START Excerpted records

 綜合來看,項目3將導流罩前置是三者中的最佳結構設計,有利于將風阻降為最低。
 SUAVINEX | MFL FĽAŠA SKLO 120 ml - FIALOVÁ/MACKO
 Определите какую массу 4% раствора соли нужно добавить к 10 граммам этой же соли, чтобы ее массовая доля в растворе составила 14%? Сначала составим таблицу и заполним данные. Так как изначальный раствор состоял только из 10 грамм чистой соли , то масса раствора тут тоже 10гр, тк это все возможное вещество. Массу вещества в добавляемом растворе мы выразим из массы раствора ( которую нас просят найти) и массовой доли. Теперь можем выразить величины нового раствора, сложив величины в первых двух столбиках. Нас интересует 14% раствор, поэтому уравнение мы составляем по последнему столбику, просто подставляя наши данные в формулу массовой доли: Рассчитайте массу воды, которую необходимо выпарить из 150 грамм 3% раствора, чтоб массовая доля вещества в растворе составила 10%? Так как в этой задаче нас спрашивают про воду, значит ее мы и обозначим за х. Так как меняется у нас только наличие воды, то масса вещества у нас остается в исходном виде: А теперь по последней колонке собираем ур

END Excerpted records
START Excerpted records

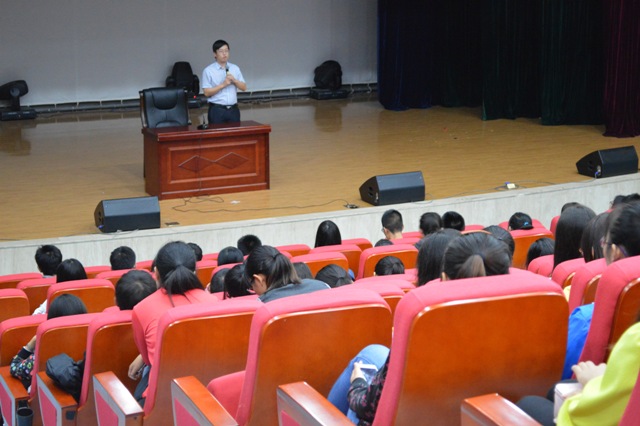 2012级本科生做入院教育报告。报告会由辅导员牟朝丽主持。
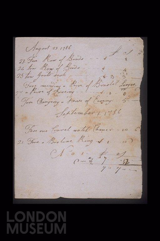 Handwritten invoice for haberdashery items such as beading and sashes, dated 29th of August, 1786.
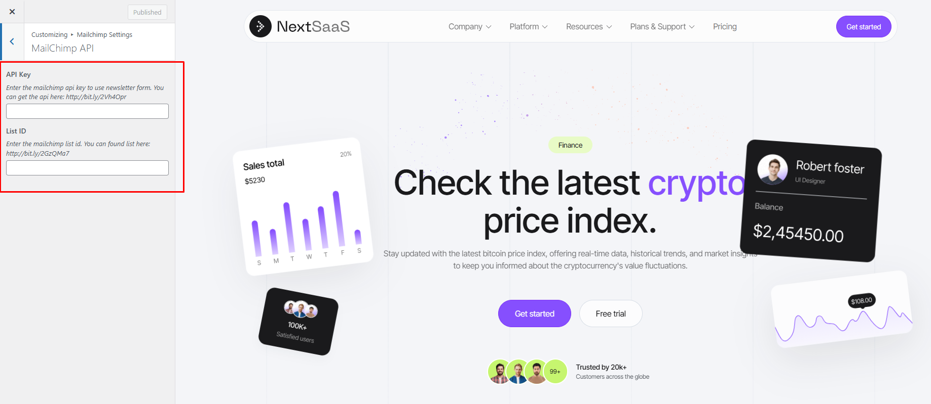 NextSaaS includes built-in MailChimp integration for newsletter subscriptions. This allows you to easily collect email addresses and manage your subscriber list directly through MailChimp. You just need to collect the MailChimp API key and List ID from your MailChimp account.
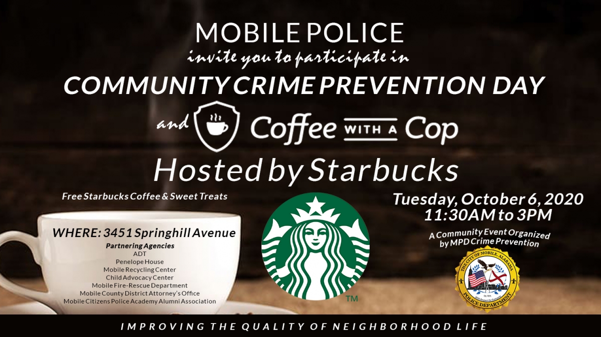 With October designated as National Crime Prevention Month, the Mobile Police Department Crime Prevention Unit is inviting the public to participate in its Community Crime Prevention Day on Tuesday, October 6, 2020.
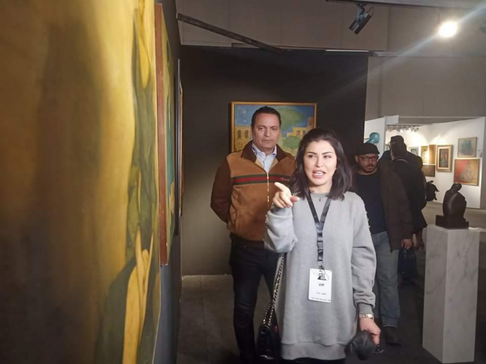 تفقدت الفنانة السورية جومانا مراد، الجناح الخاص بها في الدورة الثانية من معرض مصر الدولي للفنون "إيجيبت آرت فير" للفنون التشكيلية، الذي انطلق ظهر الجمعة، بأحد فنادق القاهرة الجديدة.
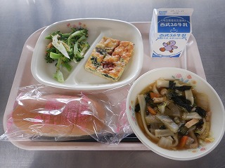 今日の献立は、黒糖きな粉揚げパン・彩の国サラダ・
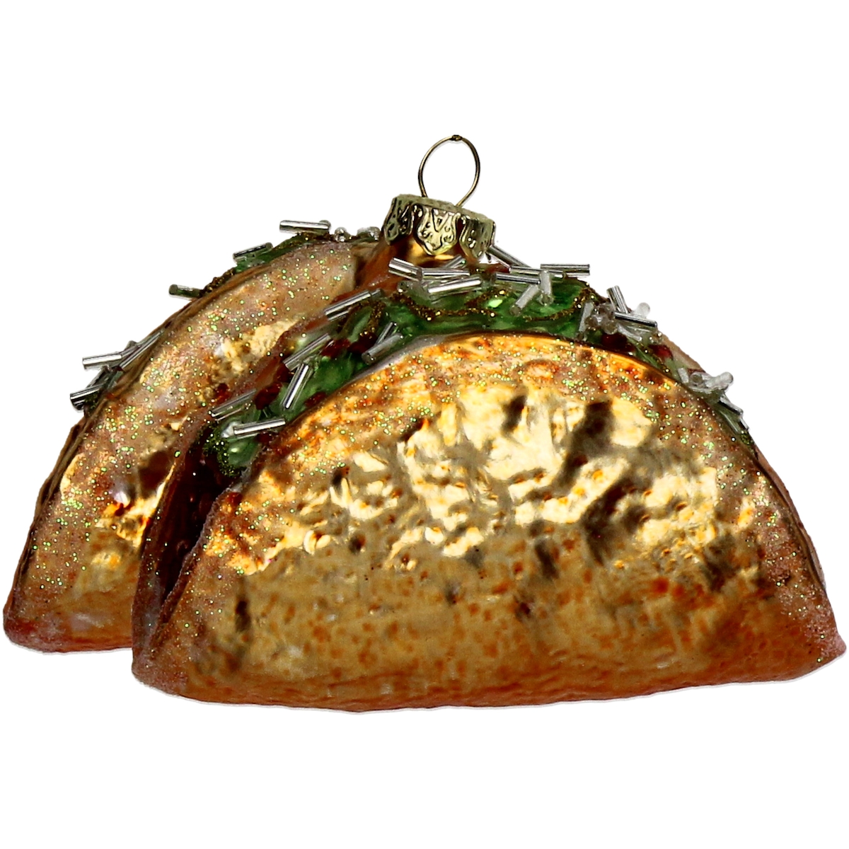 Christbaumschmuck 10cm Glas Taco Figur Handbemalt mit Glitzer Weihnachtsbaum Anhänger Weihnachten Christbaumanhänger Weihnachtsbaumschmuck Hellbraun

END Excerpted records

*Your objective:* Lines wanted from the entries above: the one with "With October designated", the one with "Christbaumschmuck 10cm Glas", and all lines between. Please copy them exactly, without the pictures and without anything else.

*Output for this task:*
 With October designated as National Crime Prevention Month, the Mobile Police Department Crime Prevention Unit is inviting the public to participate in its Community Crime Prevention Day on Tuesday, October 6, 2020.
 تفقدت الفنانة السورية جومانا مراد، الجناح الخاص بها في الدورة الثانية من معرض مصر الدولي للفنون "إيجيبت آرت فير" للفنون التشكيلية، الذي انطلق ظهر الجمعة، بأحد فنادق القاهرة الجديدة.
 今日の献立は、黒糖きな粉揚げパン・彩の国サラダ・
 Christbaumschmuck 10cm Glas Taco Figur Handbemalt mit Glitzer Weihnachtsbaum Anhänger Weihnachten Christbaumanhänger Weihnachtsbaumschmuck Hellbraun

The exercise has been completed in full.